Kubanychbek Kendirbaev, a history researcher and director of Seleucia, a Public Charitable Fund he established in 2019, says his clan are Seleucid Dynasty descendants.

The researcher’s resume includes his employment at the Ministry of the Culture of the Kyrgyz Republic and Helvetas Kyrgyzstan, the Swiss Association for International Cooperation. He is also a graduate of the National Academy of Science of the Kyrgyz Republic.

Kendirbaev, who lives in Bishkek, Kyrgyzstan, has formed the Seleucia PCF with the aim to aid education, culture, and the preservation of historical heritage.

“Our Beshkoruk clan lives in Kyrgyzstan. My grandfather Shyrdakbek Khan was Emir of Kashgar, Jarkend, Andijan, Kokand and he is a national and epic hero of Kyrgyzstan,” he tells Greek Reporter.

“Canadian-Greek composer and singer Yannis Kapa created a song and orchestral music dedicated to him,” he continues. “Our clan lived in Seleucia, Baghdad (Iraq) and Andijan (Uzbekistan).”

According to Kendirbaev, Ergeshbay Ajibaev, an 80-year-old member of the Beshkoruk clan, gave Kendirbaev a manuscript. That manuscript states that the clan is “a descendant of a well-known Greek Dynasty [with] Hellenic genes [whose]  ancestors were Greek orthodox Christians before Islamic culture in Baghdad.”

Kendirbaev went deep while searching for his roots.

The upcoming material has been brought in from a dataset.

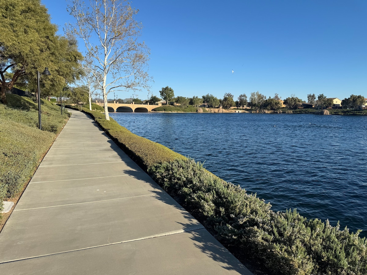 Propiedad tranquila diseñada para mostrar las increíbles vistas al aire libre del lago Elsinore, las montañas de Santa Ana y las hermosas puestas de sol. Toda la casa del lago ofrece total privacidad sin vecinos a ambos lados. La propiedad está totalmente vallada para que los niños y las mascotas deambulen sin preocupaciones. A solo 20 minutos de la región vinícola de Temecula y a 45 minutos de las hermosas playas del condado de Orange. Disneyland, Sea Wold, Legoland cerca. La comodidad existe aquí mismo en Peaceful Paradise Lake House.

He studied history, focusing on Alexander the Great and his conquests in Asia and Northeastern Africa. He also took a more scientific approach than is sometimes adopted by those who claim such illustrious ancestry.

“Two years ago Kazakh researchers from Astana tested our clan member’s Y-DNA,” he said. “My test result shows that I am a bearer of Haplogroup I1. Our ancestor was born in Northern Europe 6,000 years ago,”

“There are no people with such a Haplogroup in Central Asia, but our clan of Beshkoruk has European genetic lineage. In Greece about 300,000 men have the similar Haplogroup I1,” he concluded.

Kendirbaev is very proud of his Greek roots and tries to promote Hellenism via his website here. 

“My blood is European, not Asiatic. We are descendants of King Seleucus I Nikator [who] was a friend and general of Alexander the Great,” he explained with pride.

The Hellenistic (Greek) Seleucid Dynasty

The Seleucid Empire was a Hellenistic state in Western Asia that existed from 312 BC to 63 BC, founded by Seleucus I Nicator, a general in Alexander the Great’s army.

Following the split of the Macedonian Empire established in Asia by Alexander the Great, Seleucus I first took the Mesopotamian region of Babylonia in 321 BC.

The general then founded Antioch and expanded his dominions to include much of the Near Eastern territories that belonged to the former Macedonian Empire.

The Seleucid Empire took over more territories including Anatolia, Persia, the Levant, Mesopotamia, and today’s Kuwait, Afghanistan, and parts of Turkmenistan.

The Seleucid Empire promoted Hellenistic culture in Asia while at the same time tolerating local languages and traditions rather than eradicating them.

A Greek elite dominated politics, thus making the empire attractive to numerous immigrants from Greece.

However, the Seleucid Empire’s western territories were contested with Ptolemaic Egypt, another Hellenistic state, while there were conflicts with Chandragupta of the Maurya Empire that led to the ceding of vast territory west of the Indus River.

In the early second century BC, efforts of Antiochus III the Great to extend the empire into Hellenistic Greece were blocked by the Roman Republic.

After their losses in battle, the Seleucids were forced to pay costly war reparations and relinquish territorial claims west of the Taurus Mountains.

That was the beginning of the decline of the Seleucid Empire. When Mithridates I of Parthia conquered much of the remaining eastern lands of the empire, the Seleucid kings were reduced to a small state in Syria.

In 63 BC, the Roman general Pompey overthrew the Seleucids, dealing the final blow to the Hellenistic (Greek) empire in Asia.